今年もエルガー

elgar_boult_1.jpg久しぶりに(というか初めてか・・・?)新宿歌舞伎町の「茶茶花」にてKとOとで歓談した。サービスも味も良く、しかも納得のゆくお値段で、やっぱり価値に見合う「モノ」を提供することが大事なんだということを実感。Oが 8月からアメリカのニュージャージーに赴任するということで、餞別の意味も兼ねながらの宴。積もる話で盛り上がり、結局4時間ほどお店にいたことになる。

ガソリン200円/ℓ時代が目の前に来ている。かれこれ10年近く前70円台だったことを考えると隔世の感がある。自家用車を持たず、日々の移動の手段は「自分の脚」という生活を送っているから関係ないといえば関係ないのだが、原油価格の高騰は一般庶民の財布を脅かすゆえ何とかならないものかとついつい思案してしまう。

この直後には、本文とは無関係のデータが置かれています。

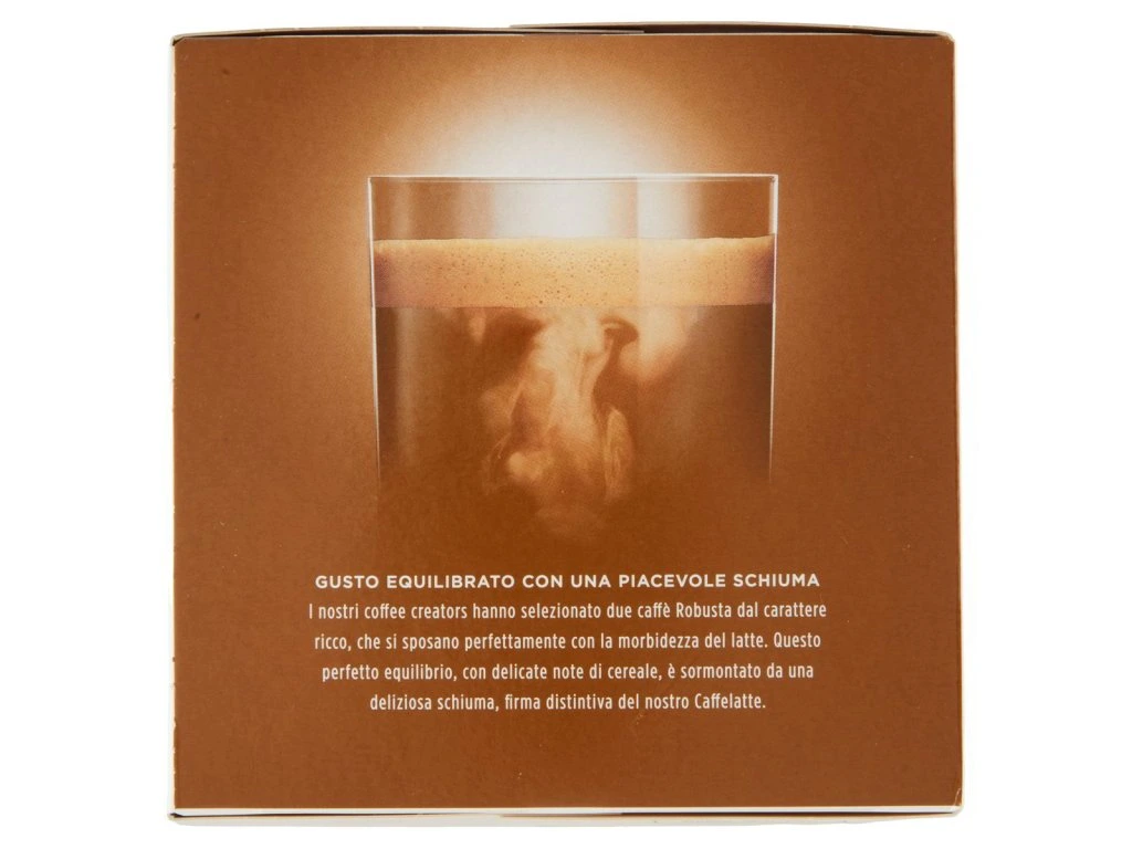 NESCAFÉ Dolce Gusto Caffellatte prináša do vašej domácnosti autentický taliansky zážitok z kávy s mliekom v podobe praktických kapsúl. Tento obľúbený nápoj kombinuje intenzívnu espresso kávu s jemnou mliečnou penou, ktorá vytvára dokonale vyváženú chuť. Balenie obsahuje 16 kapsúl – 8 kapsúl s kvalitnou praženou kávou a 8 kapsúl s mliečnou zložkou, ktoré spoločne vytvárajú nápoj v štýle talianskych kaviarní.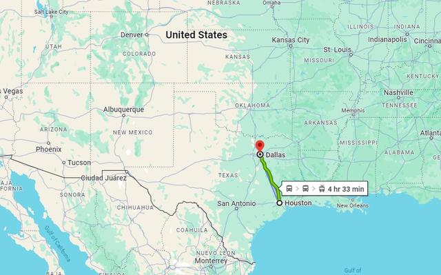 目前乘铁路从休斯顿到达拉斯需4个半小时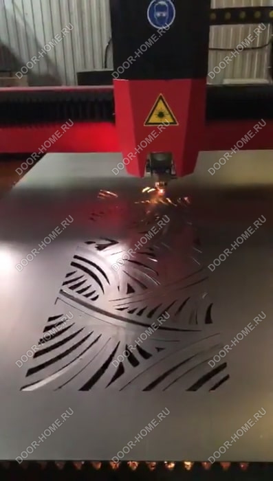 Наши производственные мощности позволяют выпускать входные металлические двери с вырезанным рисунком на полотне. Ниже представлен процесс обработки стального листа на оптоволоконном лазерном станке с ЧПУ.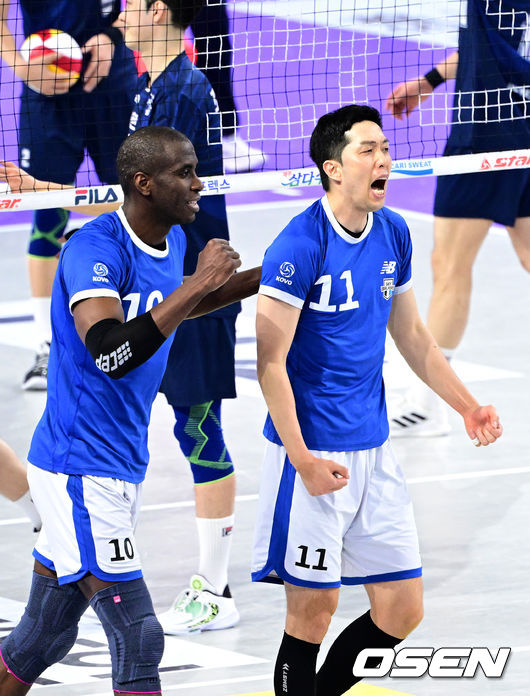 1세트, 현대캐피탈 최민호와 오레올이 블로킹 득점에 기뻐하고 있다. 2023.03.30 / dreamer@osen.co.kr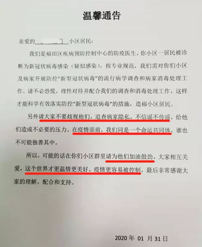 “疫情陰影下,深圳這個(gè)小區(qū)的通告溫暖了我……”

極論を言ってしまうと、おそらく資本主義が行き着くところまで来てしまっているということなのだろう。

エルガー:弦楽セレナードホ短調作品20
サー・エイドリアン・ボールト指揮ロンドン・フィルハーモニー管弦楽団

昨年の今日とりあげたエルガーの「愛の挨拶」はキャロラインとの婚約記念に贈られた名曲だが、このセレナードは3回目の結婚記念日のプレゼントとして夫人に贈られたものらしい。たかだか10数分の楽曲だが、こんなにも切なく愛らしい音楽があるだろうか。
エルガーといえば「威風堂々」第1番が圧倒的に有名だが、先の「愛の挨拶」といい、チェロ協奏曲といい、このセレナードといい、弦楽器メインの楽曲に対して格別のセンスを発揮するようだ。エルガーのこういう大作はもっと注目されてもいいはずだ・・・。

この前の「宇宿允人の世界」のアンコールでバーバーの「弦楽のためのアダージョ」が演られて不覚にも涙がこぼれそうになった。弦楽合奏というのはどうも心の琴線に触れる波動をもっているようで若い頃から妙に好きなジャンルである。弦楽器の音は曲線的で、そういう意味では「水」の性質に極めて近いらしい。とにかく癒されるのだ。

ところで、今年はボールト没後25年。カラヤンや朝比奈の生誕100年が賑わっている中、このイギリスの名指揮者のことがほとんど話題にのぼらないことは悲しいことである。ビーチャムやバルビローリの陰に隠れ、ギュンター・ヴァント同様最晩年になってようやく一般的な人気を獲得した音楽家。特に彼の演奏するエルガーは素晴らしい。